Orphaned by AIDS at 16, entrepreneur pays it forward

Sibu Sibaca is an entrepreneur, activist and change driver, with a mission to fight the stigma around HIV and AIDS Picture: Supplied/Instagram

Sibu Sibaca is an entrepreneur, activist and change driver, with a mission to fight the stigma around HIV and AIDS Picture: Supplied/Instagram

Published Dec 1, 2022


Johannesburg - Sibu Sibaca (39) is an entrepreneur with a difference. She is a social entrepreneur. She deals in human capital and measures her profit. It is not only about the number of zeros in her bank account but also about the number of lives she can impact.

“Very often, when we go into business, we go into business with one thing in mind, to make money and profit. And that's great. Usually, when we talk profit, we talk profit in monetary value, and that, too, is great.

“However, the kind of gains that set my soul on fire are human gains. When I’m able to track someone's gains from getting in touch with our organisation or working with our organisation and engaging with our organisation, I can see that their lives have changed. That's the profit for me,” said Sibu.

Sibu lost both her parents to Aids and was left orphaned by the time she was 16 years old. She became one of two million Aids orphans in Sub-Saharan Africa at a time when the stigma around HIV/Aids was rife. She endured being stigmatised by her community, based on her slight frame.

Sibaca took it upon herself to change the narrative around HIV/Aids and found her platform as a youth educator with NGO, LoveLife. She used the platform to tell her story and soon caught the eye of businessman and philanthropist Richard Branson.

“When I first met Richard, he offered me a job, which I turned down because I didn't know who he was”.

“He reached out a couple of months later and invited me to the G8 Summit, and that’s when I asked for my job back, and I got to work with him for a couple of years, which was absolutely amazing.

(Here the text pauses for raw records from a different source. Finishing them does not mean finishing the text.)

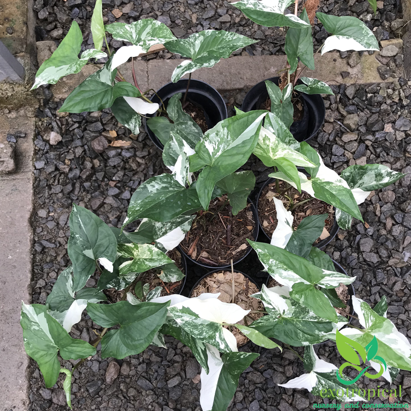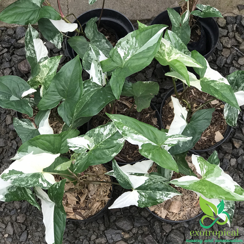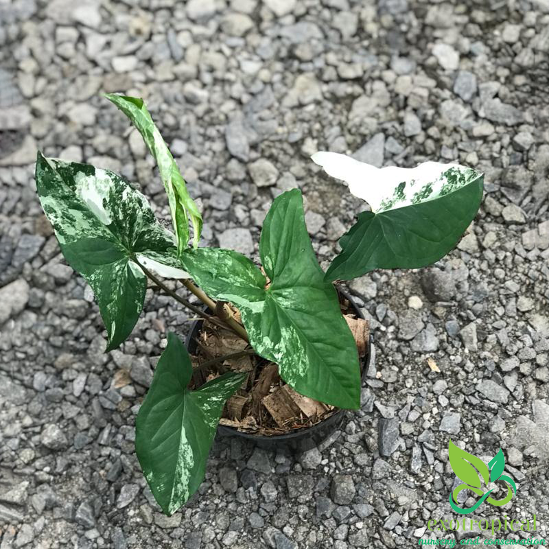 Syngonium Albo Variegated also known as variegated Arrowhead have a mix of green, minty and white leaves. This plant is native to Brazil, Mexico or Bolivia.
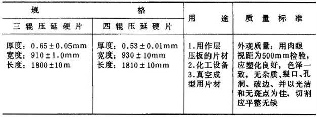 表6-3-4 硬聚氯乙烯片材的规格、用途及质量标准
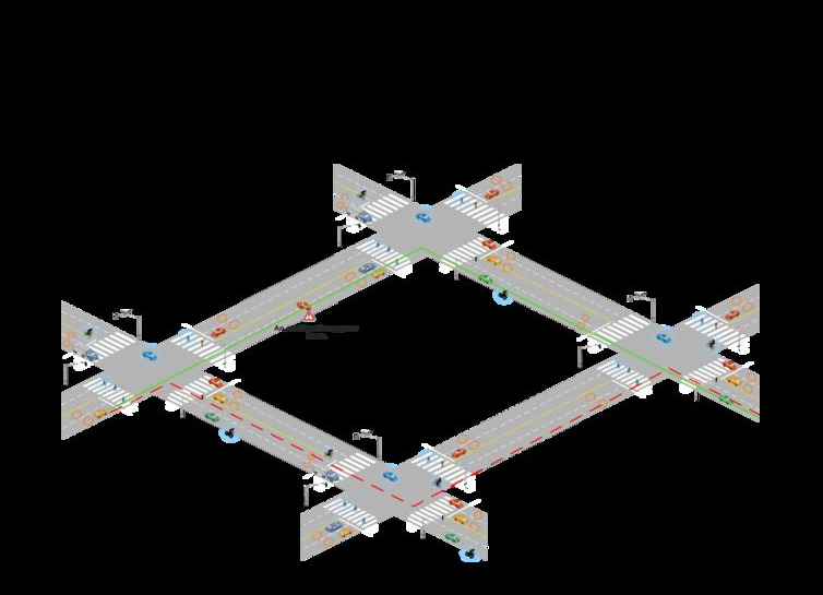 控制器则根据每辆车的优先级(如救护车、警车等特种车辆应优先通行)、速度和位置等信息计算出车辆合适通过路口的速度,并发送到方向盘边的显示器上。如果每位驾驶员都依据自己收到的速度依次通过,便能保证路口的有序通行。当一辆车离开一个交叉口,它就被纳入了下一个交叉口控制器的计算范围。
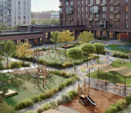 В закрытых дворах-парках предусмотрены игровые площадки, лужайки для пикников и йоги. Пространства для спокойного отдыха будут огорожены живыми изгородями.
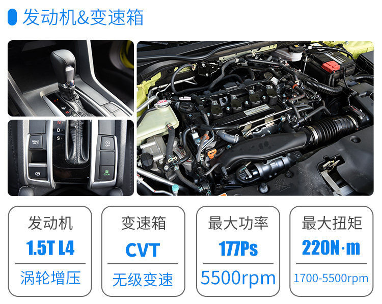 2019款220TURBO CVT燃擎版 思域搭载本田地球梦系列里的1.5T涡轮增压引擎,匹配CVT变速箱,最大马力达到177Ps,峰值扭矩220N·m。实际体验过程,这套总成动力输出有劲,而且得益于CVT变速箱先天优势,换挡平顺迅速,不仅中后段提速迅捷,而且燃油经济性表现非常好。
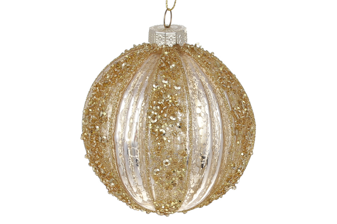 Ялинкова куля рельєфної форми з декором з гліттера та паєток 8см, колір - світле золото
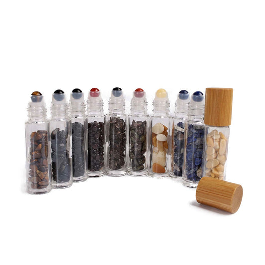 Bulk Pack of 10 | Eco-Friendly and Refillable Crystal-Infused Essential Oil Containers with Gemstone Roller Ball
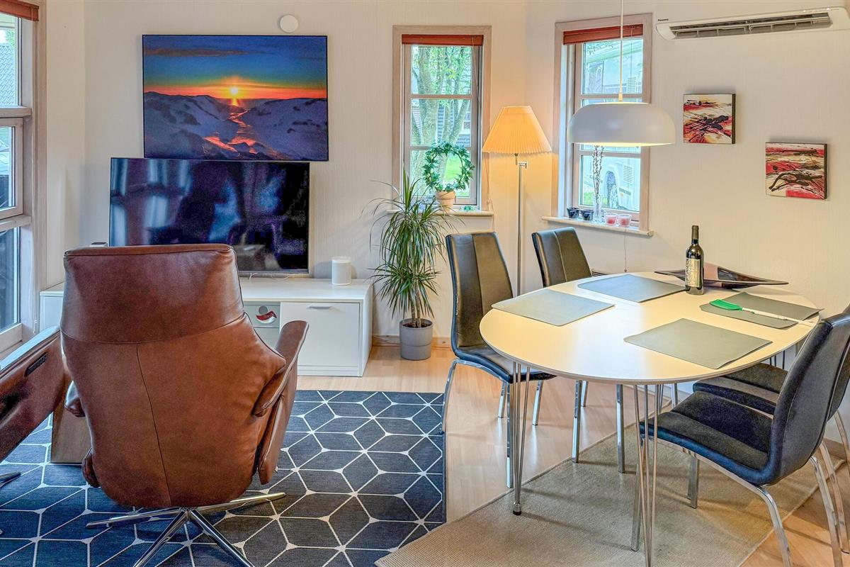 Verheug je op een ontspannen vakantie in dit bijzondere vakantiehuis, dat met zijn afgeronde ontwerp en liefdevolle aandacht voor detail zorgt voor een unieke vakantie-ervaring. Geniet van het lichte, goed doordachte ruimteconcept. De open keuken is praktisch uitgerust, terwijl de woon- en eetkamer indruk maakt met comfortabele fauteuils, een tv en grote ramen die veel licht binnenlaten. Gezellig 's avonds met een glas wijn of begin de dag met een ontbijt aan de ronde eettafel.
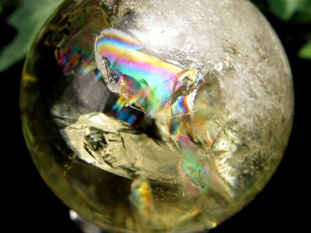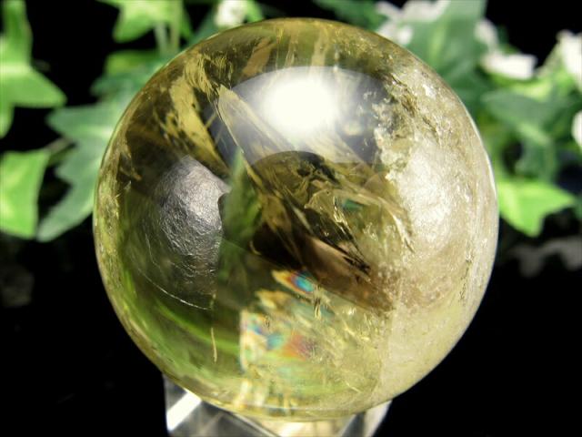 超透明 5A ファントム・虹入り シトリン 丸玉 台座付き 直径42mm 重さ104g 透明感抜群 金運 財運 幸運 お守りにも 一点もの ブラジル産 パワーストーン 天然石
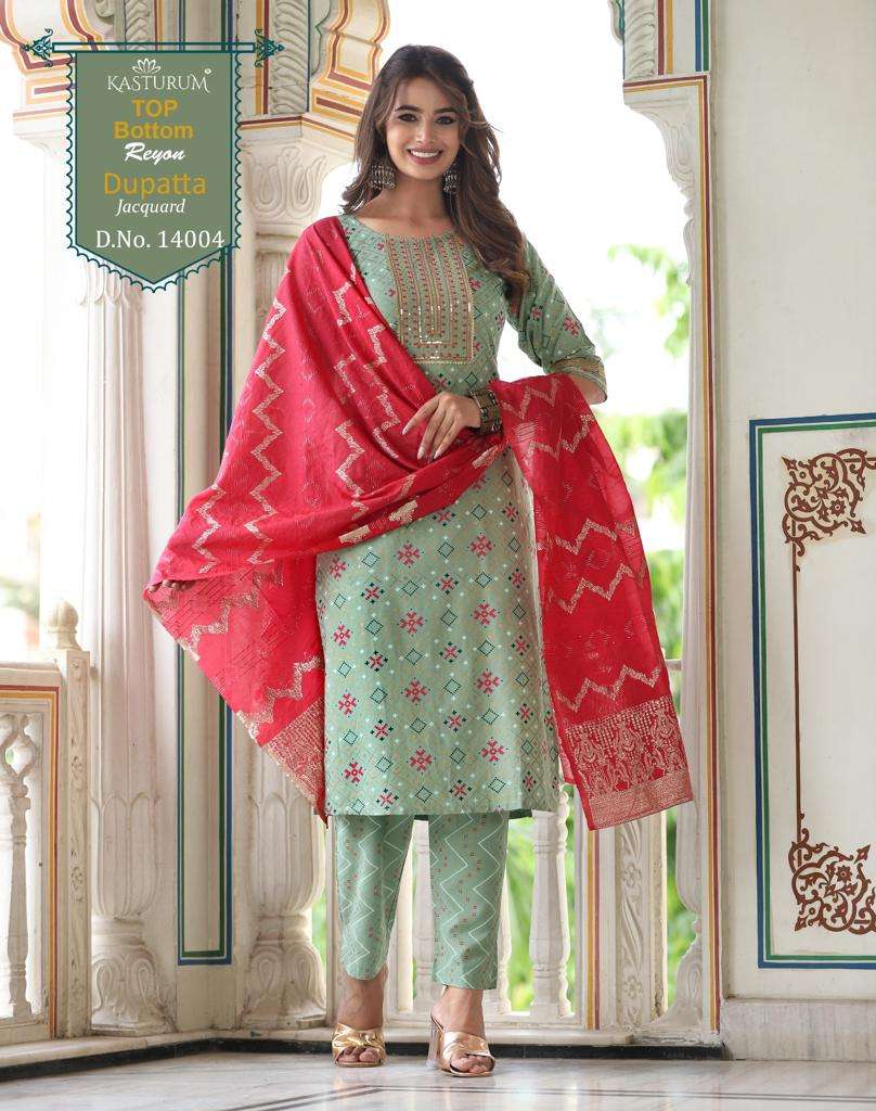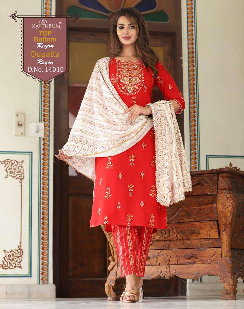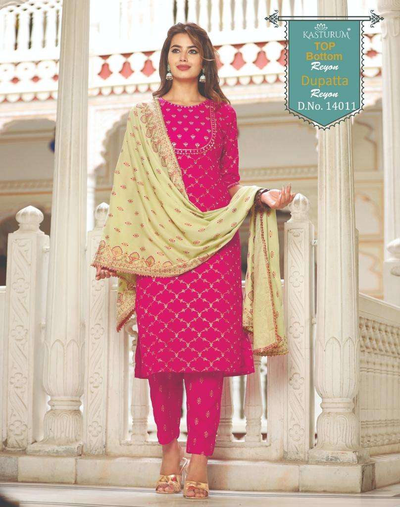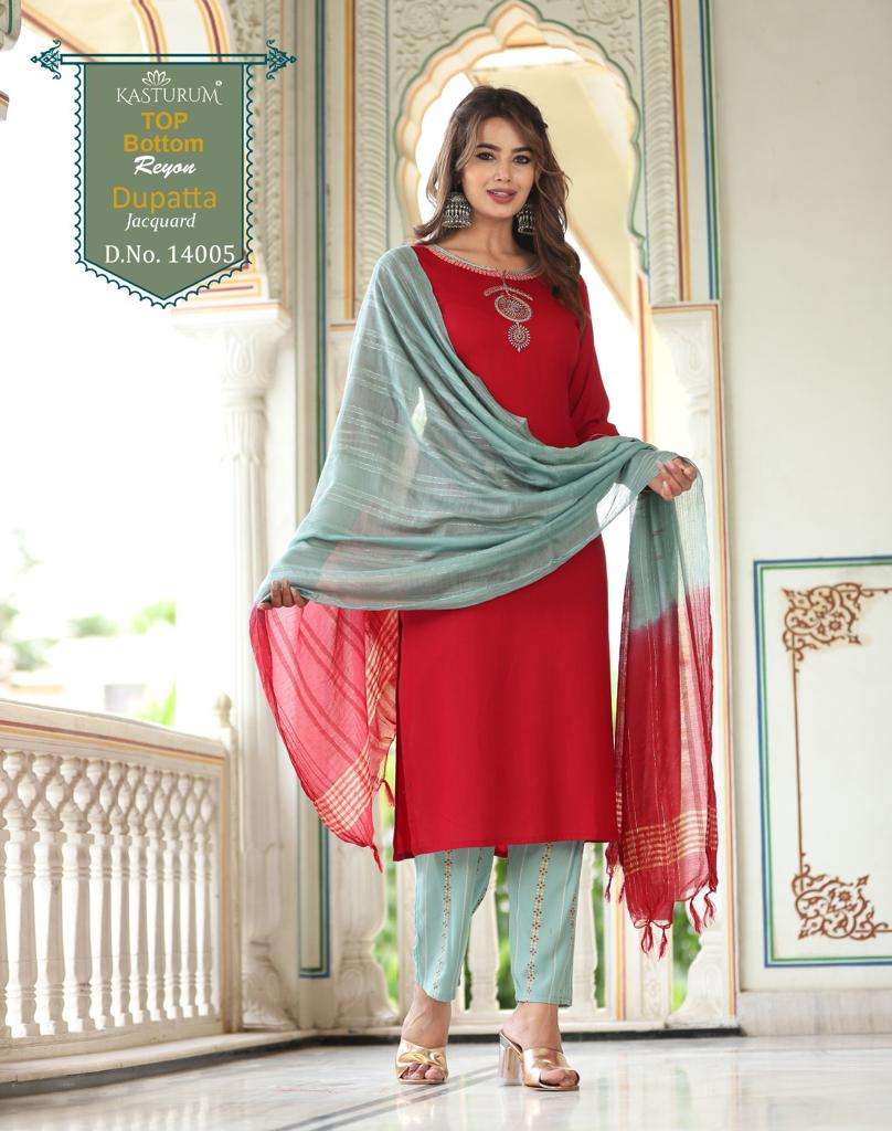 kasturum 14004-140012 readymade rayon kurti with pant and chanderi dupatta combo set

That's where the love of social entrepreneurship blossomed for me. The love of business and the love of giving back,” said Sibu.

Sibu has taken her love for social entrepreneurship a few steps further, and through her organisation, Impact Drivers, she endeavours to positively impact the lives of young women.

“Impact drivers work primarily with our core group, adolescent girls and young women between the ages 15 - 24”.

“We engage with them on sexual reproductive health and life and secondly on personal development and thirdly on entrepreneurship, and we work around HIV prevention, treatment and management,” said Sibu.

Through Impact Drivers, Sibu hopes to groom a generation of young women who are able to take charge of their lives.

“For me, I will be happy when I see girls and young women who know who they are and where they come from. Girls and young women who are assertive and make key decisions from an informed position.”

“I can never stop girls from having their first sexual debut, because it's going to happen whether I like it or not, but I would love for it, that when it does happen, for them to be in control of that first sexual experience and every sexual experience after that,” said Sibu.

Sibu highlights the importance of putting the spotlight back on HIV/Aids, particularly on the back of the Covid pandemic, suggesting that some ground in the fight against HIV may have been lost while all the attention was thrust on covid-19.

Sibu reflects on the importance of commemorating World Aids Day as a day of reflection.

“On days like this, for me, World Aids Day, in particular, I remember my ‘why’, why I got involved,” she said.